Harry parou. Ele estava a ponto de ressaltar que pelo
menos eles sabiam que o Lorde das Trevas não atacaria, já que estava morto.
– Acho que não fui clara. – disse a bruxa, seu sotaque
escocês preciso soando ainda mais cuidadoso. – Aconteceu alguma coisa com você pessoalmente que o assustou, Sr.
Potter?
– O que aconteceu comigo pessoalmente foi apenas evidência
anedótica10 – explicou Harry – Não possui o mesmo peso de um
artigo científico replicado e revisado por pares sobre um estudo controlado com
distribuição aleatória, muitos sujeitos analisados, grandes medidas de efeitos
e significância estatística forte.
A Professora McGonagall apertou a ponte do nariz,
inspirou, expirou.
– Eu ainda assim gostaria de ouvir a respeito – disse
ela.
– Hum... – fez Harry. Respirou fundo. – Haviam acontecido
alguns assaltos em nosso bairro, e minha mãe me pediu para devolver uma panela
que ela pegou emprestada com uma vizinha que morava duas ruas adiante, e eu
disse que não queria ir pois podia ser assaltado, e ela disse “Harry, não diga
coisas assim!” Como se falar sobre fizesse
a coisa acontecer, então se não falasse, eu estaria seguro. Eu tentei explicar
para ela o porque de não estar certo disso, e ela me fez levar a panela de
qualquer jeito.
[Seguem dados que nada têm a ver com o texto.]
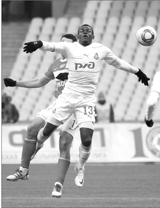
марных снах. Что же касается поединка в Ростове-на-Дону, то иного результата никто и не ожидал.

Зато порадуемся за «Краснодар», который чисто сыграл по первому сценарию. В Нижнем Новгороде Волга проиграла Каме. Столичные динамовцы довольно уверенно начали свою встречу с «Кубанью», но после пропущенного мяча с трудом удержали победу. Рязанцев вспомнил о матче с «Барселоной», правда, на «Камп Ноу» гол получился больше красивым, а в Лужниках - скорее курьезным. Голкиперу армейцев Габулову он теперь будет сниться в кош-

Eu era novo demais para saber o quão estatisticamente improvável
era um assaltante me atacar, mas eu era velho o suficiente para saber que não
pensar em algo não impede nada de acontecer, então eu fiquei com muito medo.
– Nada mais? – perguntou a professora após uma pausa,
quando ficou claro que Harry havia terminado seu relato. – Não houve mais nada que aconteceu com você?
– Sei que não parece
grande coisa, – defendeu-se Harry – mas foi um daqueles momentos críticos na
vida, sabe? Quero dizer, eu sabia que
não pensar sobre algo não impede a coisa de acontecer. Eu sabia disso, mas eu pude ver que minha mãe realmente pensava assim.
– Harry parou, lutando com a raiva que começava a crescer quando pensava sobre
isso. – Ela não me ouvia. Eu tentei
dizer a ela, eu implorei a ela para
não me mandar sair, e ela riu. Tudo o
que eu falei, ela tratou como se fosse uma grande piada... – Harry forçou a
raiva negra a baixar novamente – Foi então que eu percebi que todo mundo que
deveria me proteger era na verdade maluco, e que não me ouviriam não importava
o quanto eu implorasse, e que eu nunca poderia confiar que fariam algo certo. –
Às vezes boas intenções não eram suficientes, às vezes era preciso ser são...
Houve um longo silêncio.
Harry aproveitou a pausa para respirar fundo e se
acalmar. Não havia sentido em ficar com raiva. Todos os pais eram assim, nenhum adulto se rebaixaria o suficiente
para colocar-se no mesmo nível de uma criança e ouvi-la, seus pais genéticos
não teriam sido diferentes. Sanidade era uma pequena faísca na noite, uma
exceção infinitesimalmente rara sob o julgo da loucura, então não fazia sentido
ficar bravo.
Harry não gostava de si mesmo quando estava bravo.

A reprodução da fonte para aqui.